**WHAT YOU NEED TO DO:** Of the lines in the material below, print only those from the one containing "Tre vasi in" to the one containing "CNN의 합성공 연결층에서, 가중치 공유를 통해서 이를 구현 할 수 있다.", ends included, exactly as written and without pictures.

**INFORMATION GIVEN:**
------------------------------------------------------------
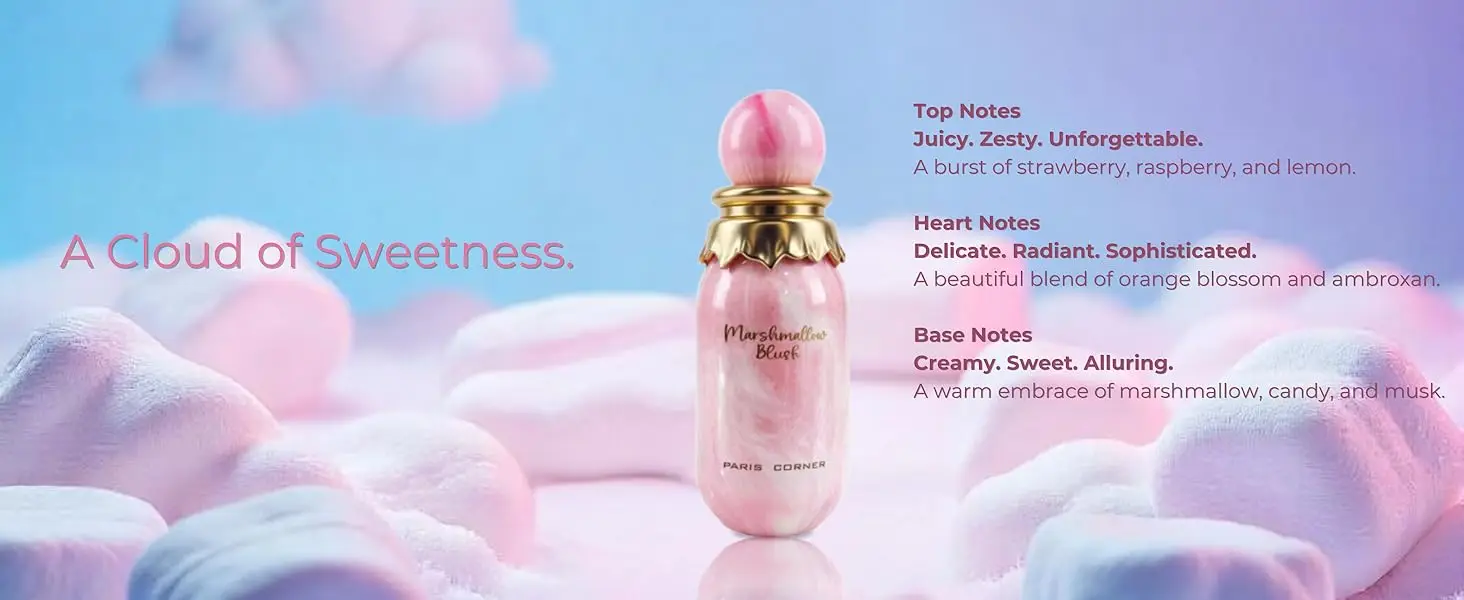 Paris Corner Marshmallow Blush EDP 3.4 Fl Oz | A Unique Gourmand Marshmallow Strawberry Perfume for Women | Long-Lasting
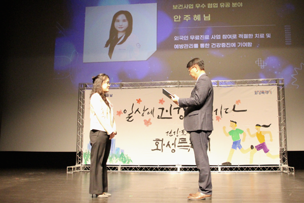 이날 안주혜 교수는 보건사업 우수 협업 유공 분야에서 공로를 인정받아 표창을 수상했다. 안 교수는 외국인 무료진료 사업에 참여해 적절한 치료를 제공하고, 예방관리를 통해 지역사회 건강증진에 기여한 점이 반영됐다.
------------------------------------------------------------
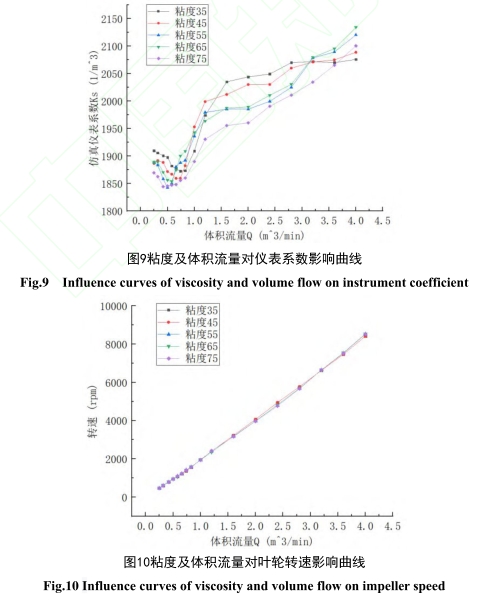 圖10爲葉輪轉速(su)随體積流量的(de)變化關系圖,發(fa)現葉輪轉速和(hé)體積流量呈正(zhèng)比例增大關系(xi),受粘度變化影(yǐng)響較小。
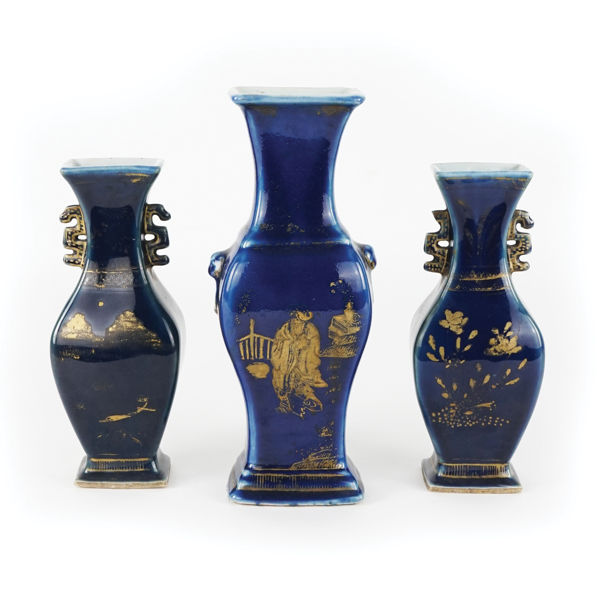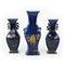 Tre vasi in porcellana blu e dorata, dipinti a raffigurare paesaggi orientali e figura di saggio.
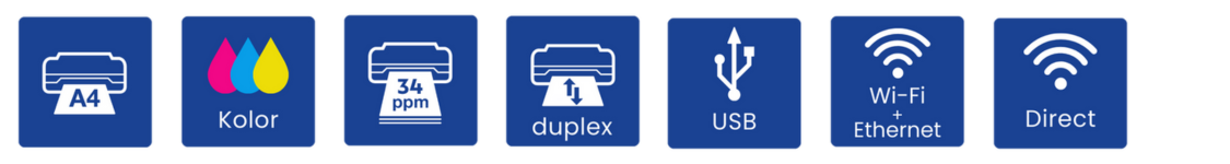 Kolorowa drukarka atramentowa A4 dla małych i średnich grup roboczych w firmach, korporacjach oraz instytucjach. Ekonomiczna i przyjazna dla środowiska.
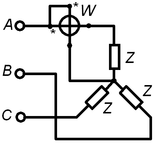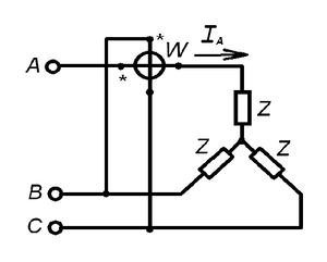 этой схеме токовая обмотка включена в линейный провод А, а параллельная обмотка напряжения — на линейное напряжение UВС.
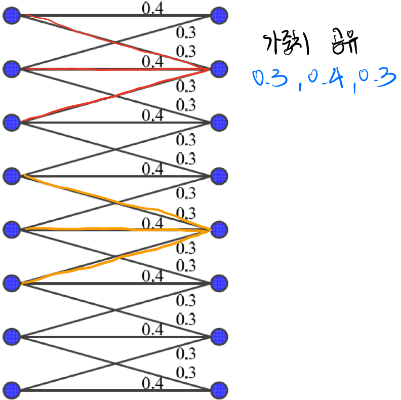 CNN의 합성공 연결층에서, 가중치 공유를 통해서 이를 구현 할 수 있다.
------------------------------------------------------------
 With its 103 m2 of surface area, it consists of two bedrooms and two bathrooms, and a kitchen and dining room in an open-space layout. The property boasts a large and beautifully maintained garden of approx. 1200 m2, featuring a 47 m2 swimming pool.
------------------------------------------------------------
**EXERCISE OUTPUT:**
 Tre vasi in porcellana blu e dorata, dipinti a raffigurare paesaggi orientali e figura di saggio.
 Kolorowa drukarka atramentowa A4 dla małych i średnich grup roboczych w firmach, korporacjach oraz instytucjach. Ekonomiczna i przyjazna dla środowiska.
 этой схеме токовая обмотка включена в линейный провод А, а параллельная обмотка напряжения — на линейное напряжение UВС.
 CNN의 합성공 연결층에서, 가중치 공유를 통해서 이를 구현 할 수 있다.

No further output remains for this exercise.